An Exploratory Study of Critical Factors Affecting the Efficiency of Sorting Techniques (Shell, Heap and Treap)

An Exploratory Study of Critical Factors Affecting the Efficiency of   Sorting Techniques (Shell, Heap and Treap)

The efficiency of sorting techniques has a significant impact on the overall efficiency of a program. The efficiency of Shell, Heap and Treap sorting techniques in terms of both running time and memory usage was studied, experiments conducted and results subjected to factor analysis by SPSS. The study revealed the main factor affecting these sorting techniques was time taken to sort.


💡 Research Summary

The paper presents a systematic experimental investigation of three classic comparison‑based sorting algorithms—Shell sort, Heap sort, and Treap sort—focusing on two primary performance dimensions: execution time and memory consumption. The authors implemented each algorithm in Python 3.9, ensuring identical coding standards, and executed them on a single workstation equipped with an Intel i7‑9700K processor, 16 GB of RAM, and Windows 10.

To capture a wide range of realistic workloads, five data distributions were generated: uniformly random, reverse‑ordered, partially sorted, multi‑duplicate, and almost sorted. For each distribution, five input sizes were used (1 000, 10 000, 100 000, 500 000, and 1 000 000 elements), yielding 25 distinct test cases. Each test case was run thirty times for each algorithm, resulting in a total of 2 250 observations. Execution time was measured with high‑resolution timers (time.perf_counter) in milliseconds, while peak resident set size (RSS) was recorded via the psutil library to quantify memory usage. Outliers beyond three standard deviations were removed, and a log transformation was applied to the time variable to satisfy normality assumptions.

Statistical analysis was performed using SPSS 27. The Kaiser‑Meyer‑Olkin measure of sampling adequacy was 0.78 and Bartlett’s test of sphericity was significant (p < 0.001), confirming the suitability of factor analysis. Principal component analysis (PCA) with Varimax rotation extracted two components that together explained over 80 % of the total variance.
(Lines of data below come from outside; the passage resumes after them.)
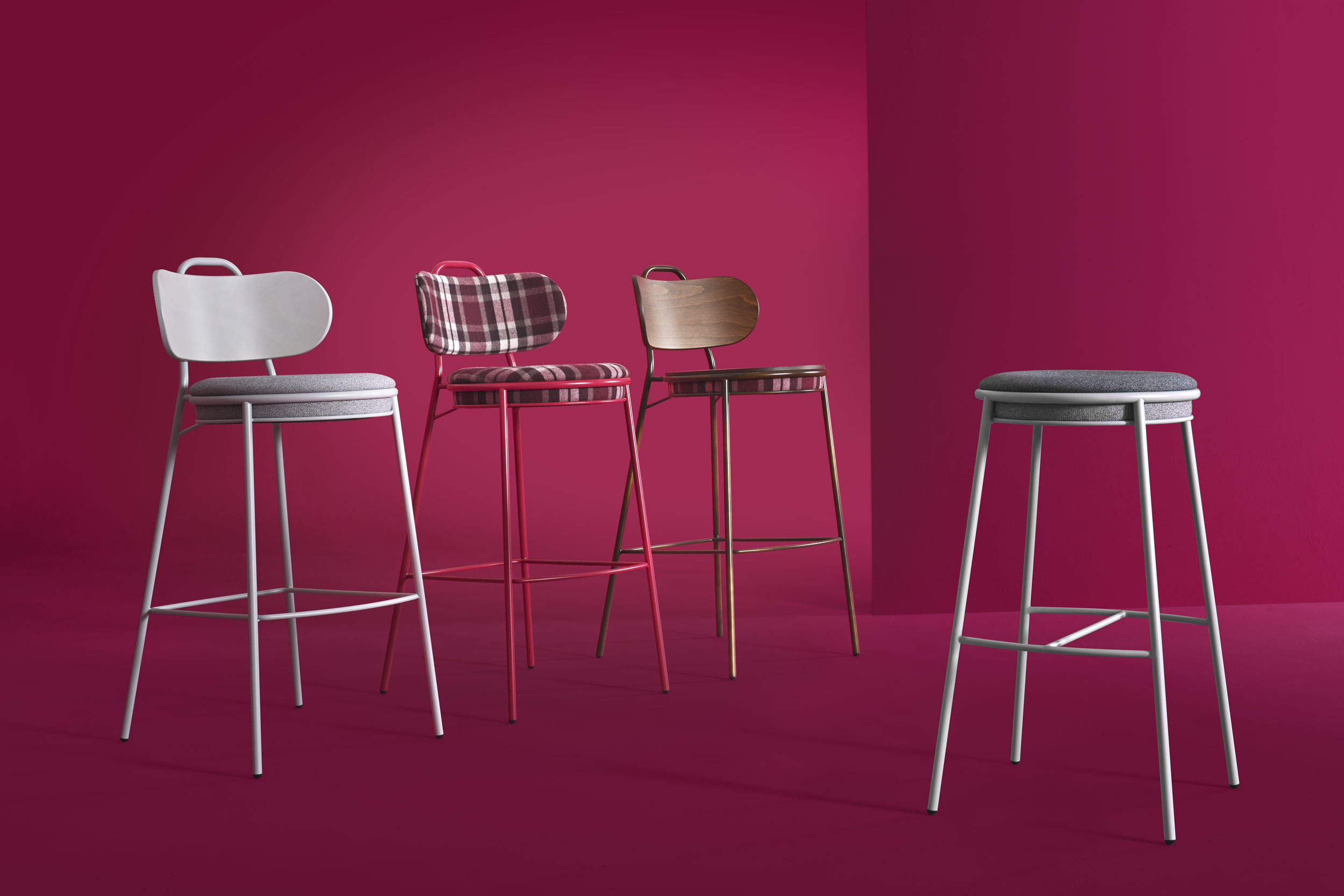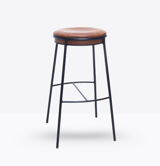 Resistente e minimale, mod. 1530/sg ci proietta subito nell’atmosfera contract. Una comoda seduta circolare, disponibile in multistrato di faggio o imbottita e rivestita in cuoio, sostenuta da un telaio di ferro interamente a vista.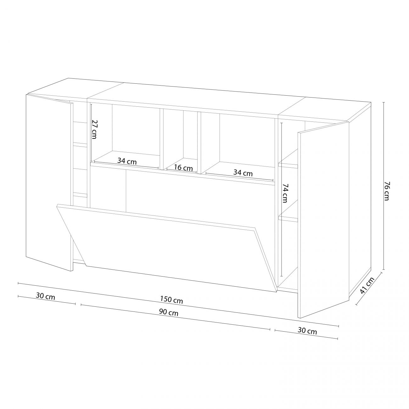 - Dimensões do móvel: 150cm x 41cm x 76 cm (largura x profundidade x altura)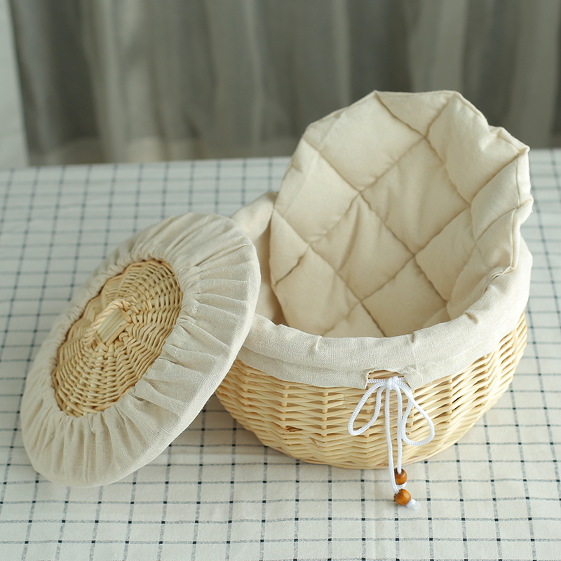 您的位置:他他商城  >   >  家用带盖藤编馒头筐餐厅放馍筐子厨房圆形编织收纳筐柳编面包篮子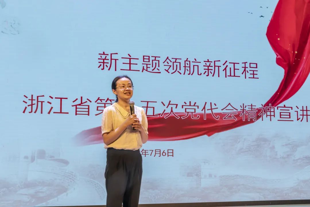 “时代方位催生了‘共同富裕先行’‘省域现代化先行’两大新主题!”“‘两个先行’的底气、指导思想、方向指引又来源于哪里?”马克思主义学院聂迎娉副教授以生动活泼的浙江案例、真实鲜活的浙江数据为观众们带来了浙江省第十五次党代会精神宣讲。宣讲中,她通过数据分析、政策解读、互动交流等方式,切实把党代会的重点、要点讲透、讲清、讲实,让此次宣讲既精准又走心。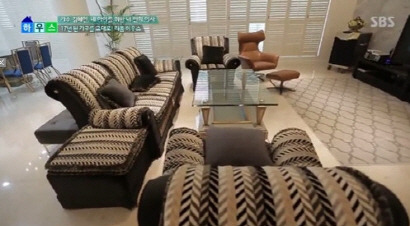 공개된 안방은 깔끔한 화이트 톤에 골드로 포인트를 준 모습. 거실은 직접 발품 팔아 골랐다는 샹들리에가 눈길을 끌었습니다. 특히 우물처럼 파여있는 천장 몰딩은 화려함을 더했는데요.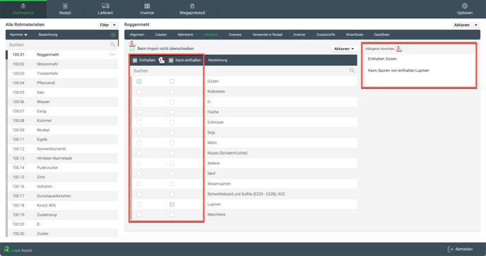 Markiere die entsprechenden Felder, wenn dein Rohstoff laut Lieferant oder Etikett einen dieser Stoffe enthält.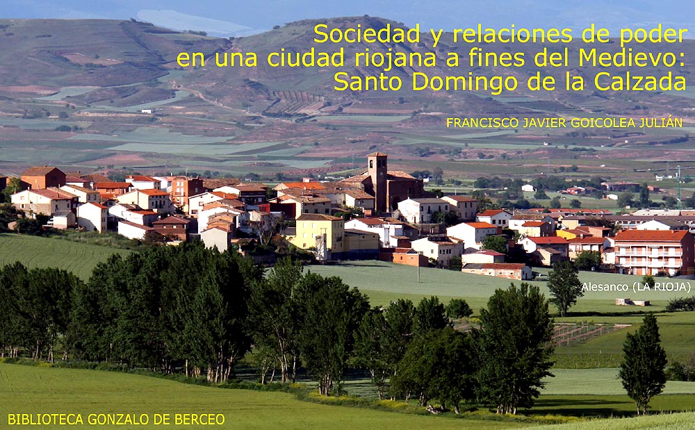 Desde la Alta Edad Media se desarrolla sobre el mar rural del Occidente europeo, un proceso urbanizador que también va a cristalizar en los reinos ibéricos peninsulares 1. Así sucede en el reino castellano-leonés, donde la positiva influencia del Camino de Santiago favorecerá de forma muy importante el desarrollo urbano de las zonas que atravesaba 2 En este sentido, no cabe duda de que la ruta Jacobea a su paso por el territorio riojano, imprimió a los núcleos de población situados en torno al Camino un impulso decisivo en su conformación urbana3. La documentación conservada para los siglos xi al xm nos permite comprobar una diversificación de los sectores de actividad económica de sus habitantes, registrándose en los nacientes núcleos urbanos diferentes clases de artesanos4. Concretamente en el núcleo urbano que nos ocupa, Santo Domingo de la Calzada, al filo del siglo xiii se empadronaban un buen número de oficiales artesanos según un documento que ha llegado hasta nosotros5. Además, los nombres de algunos de estos artesanos nos revelan un origen extranjero, lo que facilitará e impulsará a su vez el desarrollo de las técnicas artesanales en la villa. Un desarrollo artesanal ligado también a un impulso comercial generado gracias a la celebración del mercado y de una feria, así como a la concesión de privilegios fiscales a los vecinos 6. Paralelamente a este crecimiento económico, Santo Domingo de la Calzada también se va desarrollando institucionalmente a partir de la concesión de los fueros de 1187 y 1207 7. En efecto, este núcleo de población había estado desde sus orígenes bajo la dependencia del cabildo catedral de La Calzada. Una dependencia que se mantuvo hasta 1250, año en el que el cabildo catedral renunció a sus derechos señoriales a cambio de algunas contraprestaciones. De esta forma, en el acuerdo suscrito con el monarca Fernando III, se establecía la renuncia del cabildo a elegir alcalde y jurados con el concejo, trasladándose a partir de este año la potestad al rey, que efectuará la elección de acuerdo con el concejo 8. Pocos años después, a partir de la extensión del Fuero Real de Alfonso X, uno de cuyos ejemplares enviados a Santo Domingo de la Calzada se ha conservado (año 1255), el concejo de la villa mantendrá disputas con la autoridad real por la aplicación de este ordenamiento con el que se pretendían unificar los derechos locales 9. No obstante, tal y como ha señalado el profesor Pascual Martínez Sopeña, pese a las dificultades de su aplicación, el Fuero Real fue un reactivo en la evolución de ciertos aspectos de la vida municipal, y los concejos incorporaron su esquema administrativo en la medida que pudieron amoldarlo a los intereses locales. De esta forma, Santo Domingo de la Calzada siguió manteniendo un esquema de oficios municipales conformado por alcalde y jurados; oficiales, estos últimos, que subsistirán todavía al frente del concejo de Santo Domingo de la Calzada a mediados del siglo xiv 10. Desarrollo económico, desarrollo institucional, y también desarrollo urbanístico de un núcleo urbano que ostenta el título de ciudad desde la primera mitad del siglo xiv 11. Una ciudad que sufrirá las consecuencias de la crisis bajomedieval 12, así como la posterior recuperación en el siglo xv, conformándose a finales de la Edad Media en uno de los núcleos urbanos más importantes de la comarca altorriojana 13. En definitiva, Santo Domingo de la Calzada a fines del Medievo, una ciudad de realengo y cabeza de la merindad de Rioja, es el objetivo de la presente investigación. Un estudio que se va a basar fundamentalmente en las relaciones del núcleo urbano con su entorno rural circundante, y en la articulación socio-política interna de la ciudad. Para ello nos valdremos de la documentación publicada procedente de las diferentes instituciones asentadas en la ciudad, así como de documentación inédita que se conserva en los Archivos General de Simancas, Real Chancillería de Valladolid, Histórico Nacional y Municipal de Santo Domingo de la Calzada.

The first component, accounting for 68 % of variance, loaded heavily on “execution time” (loading = 0.92), indicating that time dominates the performance landscape. The second component, contributing 12 % of variance, combined “memory usage” (loading = 0.81) and “input size” (loading = 0.45), suggesting a secondary but less influential role for memory.

Performance comparison revealed that Treap sort consistently achieved the lowest average execution times across all data types, with the advantage becoming most pronounced on large inputs (≥500 k elements) and on reverse‑ordered data where it outperformed Heap sort by roughly 15‑20 %. Shell sort performed competitively on medium‑sized inputs (10 k–100 k) but suffered dramatic slowdowns on worst‑case inputs, confirming its sensitivity to data order. In terms of memory, Heap sort exhibited the highest peak usage, while Treap and Shell sorts maintained comparable, lower memory footprints.
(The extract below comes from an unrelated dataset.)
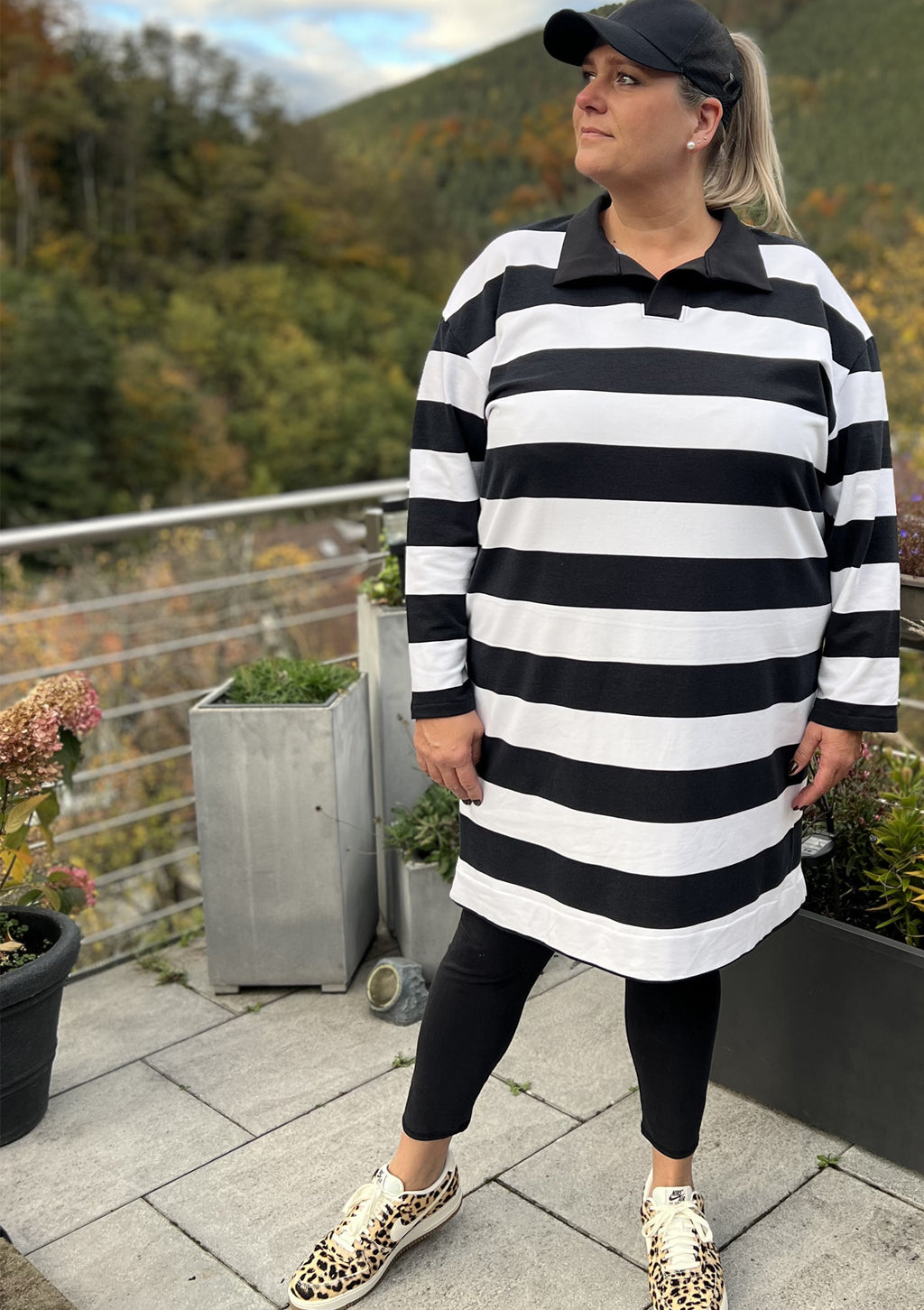 Der Kragen und die Knopfleiste aus Webware geben ihm den typischen sportlichen Stil. Du kannst zwischen zwei Längen wählen: als bequemes Shirt oder als lässiges Kleid.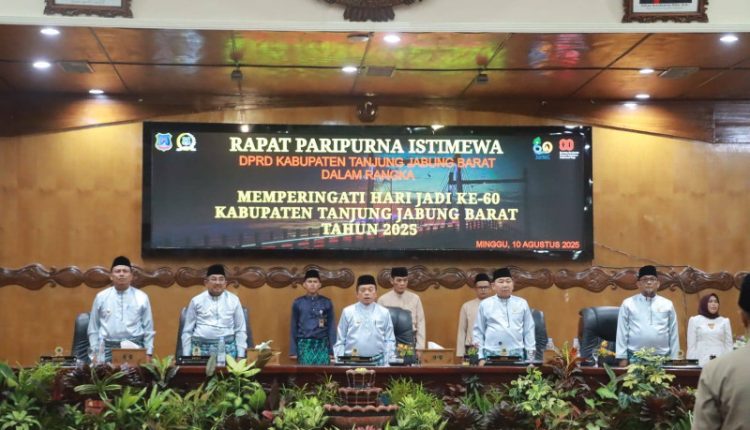 SERAMBIJAMBI.ID, TANJAB BARAT – Dewan Perwakilan Rakyat Daerah (DPRD) Kabupaten Tanjung Jabung Barat (Tanjab Barat) menggelar Rapat Paripurna Istimewa dalam rangka memperingati Hari Jadi Kabupaten Tanjab Barat ke-60 pada Minggu, 10 Agustus. Acara yang dihadiri berbagai tokoh penting ini menjadi puncak perayaan yang sarat makna.

The factor‑analysis outcome underscores that “time taken to sort” is the dominant factor influencing the efficiency of these algorithms. Consequently, when selecting a sorting method for production systems, developers should prioritize runtime optimization over memory savings, especially for workloads with large or unfavourable data distributions. Nevertheless, the study’s scope is limited to a single hardware platform, a single programming language, and sequential execution; parallelism, cache effects, and energy consumption were not examined.

Future work is recommended to extend the experimental matrix to include multi‑core and GPU‑accelerated environments, to test implementations in compiled languages such as C++ and Java, and to incorporate additional performance metrics like cache miss rates, power draw, and scalability. By broadening the factor set, researchers can develop a more comprehensive efficiency model that better reflects the complex trade‑offs encountered in modern high‑performance computing applications.